At the base of the pulpit, there was a bottle of wine and a wine glass. At the end of the sermon, he in affect said, "Let us all taste of the goodness of God", and he stepped down from the pulpit, poured some wine into the glass, then he drank some of the wine. He then put the glass down, and closed in prayer. 

It seemed such an appropriate "object lesson" to use as a close for the sermon. Rarely at the church are object lessons used, this one just seemed to be so appropriate.

These last few weeks since the sermon, whenever it would come to mind, it amazed me how I reacted to him drinking wine in church. If any of you once had fundamentalist leanings (and please forgive me, I don't mean to paint all fundamentalists with such a big brush), you can probably relate to what I'm saying. A preacher drinking wine in church - unheard of! At one time, I could not have imagined such a thing being done in the church of God. Yet, now I'm perfectly ok with it. What a change!

For this change, I think its proper to put the blame where it belongs, the PB. You've influenced my life in this area. For better or worse, I'll let you be the judge. 

BTW, thank-you.


----------



## Kim G (Dec 5, 2008)

Ooooo, what kind of wine? 

Seriously, though, I know exactly where you're coming from since I have the same background. The Lord has changed plenty of personal convictions as well as doctrine. Praise God!


----------



## smhbbag (Dec 5, 2008)

Ditto. Many changes, though some so slow I had not noticed them until a moment like you describe brings it to mind, and it is a cause for great thanksgiving and rejoicing. It is very similar to how I was brought to faith, where I cannot point to a date or time, but I can now clearly say I am in Christ, and just as clearly recognize a time when I was not.

Haha, I just noticed we have the same registration month, Bob. But you've got me licked in the post department. I'd love to see a list of the longest-registered PB members with the lowest post totals, among those who have been active the entire time. Yes, I have to think of a contest that convoluted to find one I might be able to compete in around here 

Wow, Dec. 2002. At that time, I had barely even heard the term "Doctrines of Grace" a few months before, and then somehow I found my way here. I may have even been a grudging 4-pointer still. Wow, times change. In comes presuppostionalism, Covenant Theology, theonomy, sabbatarianism, and who all knows what else. 

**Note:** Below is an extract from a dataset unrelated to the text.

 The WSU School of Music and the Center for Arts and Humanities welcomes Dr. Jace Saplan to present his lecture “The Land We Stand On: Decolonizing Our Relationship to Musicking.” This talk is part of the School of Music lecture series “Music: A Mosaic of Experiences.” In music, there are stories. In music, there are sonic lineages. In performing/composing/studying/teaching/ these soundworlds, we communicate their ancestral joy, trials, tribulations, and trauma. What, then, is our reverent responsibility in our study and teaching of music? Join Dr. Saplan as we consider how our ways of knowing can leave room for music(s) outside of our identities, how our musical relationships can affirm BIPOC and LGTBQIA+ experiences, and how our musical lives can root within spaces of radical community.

I suppose it should also serve as a caution - you become like those you consistently read and hang out with. This can work in the negative direction every bit as much as the PB has worked in the right way.


----------



## blhowes (Dec 5, 2008)

Kim G said:


> Ooooo, what kind of wine?


Unfermented, I'm sure. 


> Seriously, though, I know exactly where you're coming from since I have the same background. The Lord has changed plenty of personal convictions as well as doctrine. Praise God!


Amen! Praise God!

-----Added 12/5/2008 at 10:55:13 EST-----



smhbbag said:


> Ditto. Many changes, though some so slow I had not noticed them until a moment like you describe brings it to mind, and it is *a cause for great thanksgiving and rejoicing*.


Amen! And praise the Lord for the changes you've seen in your life as well.



smhbbag said:


> Haha, I just noticed we have the same registration month, Bob. But you've got me licked in the post department.


Quality, not quantity. 



smhbbag said:


> Wow, Dec. 2002. At that time, I had barely even heard the term "Doctrines of Grace" a few months before, and then somehow I found my way here. I may have even been a grudging 4-pointer still. Wow, times change.

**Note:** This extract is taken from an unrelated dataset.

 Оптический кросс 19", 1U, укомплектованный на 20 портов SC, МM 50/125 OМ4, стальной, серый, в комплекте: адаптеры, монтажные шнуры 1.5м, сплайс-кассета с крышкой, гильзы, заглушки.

 For me, at the time I couldn't fathom the idea of somebody believing in infant baptism and being able to defend it (very convincingly) from the scriptures.



smhbbag said:


> I suppose it should also serve as a caution - you become like those you consistently read and hand out with. This can work in the negative direction every bit as much as the PB has worked in the right way.


Indeed, so true.


----------



## Tim (Dec 6, 2008)

Bob, good to hear that you are "being a Berean" and checking to see "if that's what the Bible really teaches".


----------



## Jon Lake (Dec 6, 2008)

I used to LOVE a good beer, or a nice glass of red with a steak! After my accident I get BLINDING headaches if drink, I guess I am saying I am jealous of all who can enjoy a nice toddy! I am glad you are finding peace with your new perspective. Blessings.


----------



## blhowes (Dec 6, 2008)

Tim said:


> Bob, good to hear that you are "being a Berean" and checking to see "if that's what the Bible really teaches".

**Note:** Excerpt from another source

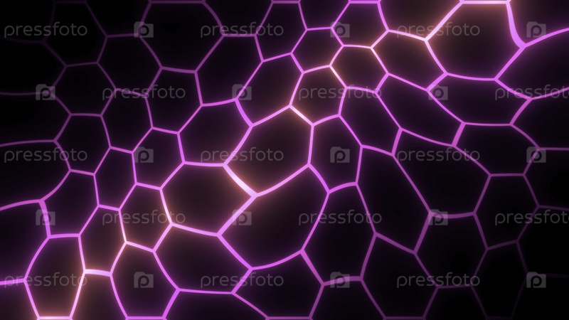 Жидкий рисунок неоновых шестиугольников. Движение. Неонные линии в движущемся рисунке шестиугольников в искаженном пространстве

Amen. Makes me wonder what I'll find out next. Who knows, maybe I'll find out its not a sin to smoke a cigar or dance or go to the movies, but probably not (jk).


----------



## jambo (Dec 6, 2008)

Whilst reading about such legalistic rules that come down to us I often think of Ps 1.1. This seems to sum up the faith of some who perceive Christianity as simply not doing this and not doing that. It's a shame they can't progress to v2 about delighting in 'the law of the Lord'


----------



## Hawaiian Puritan (Dec 6, 2008)

I have to admit I am still very uncomfortable about the whole issue of alcohol, even though I'm from a family that on my father's side for generations had a winery and vineyards in Napa Valley. I acknowledge there is no Scriptural prohibition against drinking, only drunkenness. But I have known a lot of people whose lives have been ruined or negatively affected by drinking. Then there are all those who have been severely injured or killed by drunk drivers. And alcohol abuse leads to a lot of crime and wrongful behavior, whether it's a fight in a bar that turns into a homicide or someone abusing their spouse. It can also be an enticement to letting your guard down on other things, such as being put in a temptation situation that could lead you to be unfaithful. 

I think it's a lot like what God originally intended for the sexual relationship between husband and wife. It is something that Satan can easily pervert into something bad if not kept within the boundaries that God intends. 

So although once in a while I may have a glass of wine, mainly with a meal, I generally have a problem with the American drinking culture extolled in numerous TV commercials and print advertising. I don't like being in those settings, because I don't want to be seen as approving something that could cause my brother or sister to stumble.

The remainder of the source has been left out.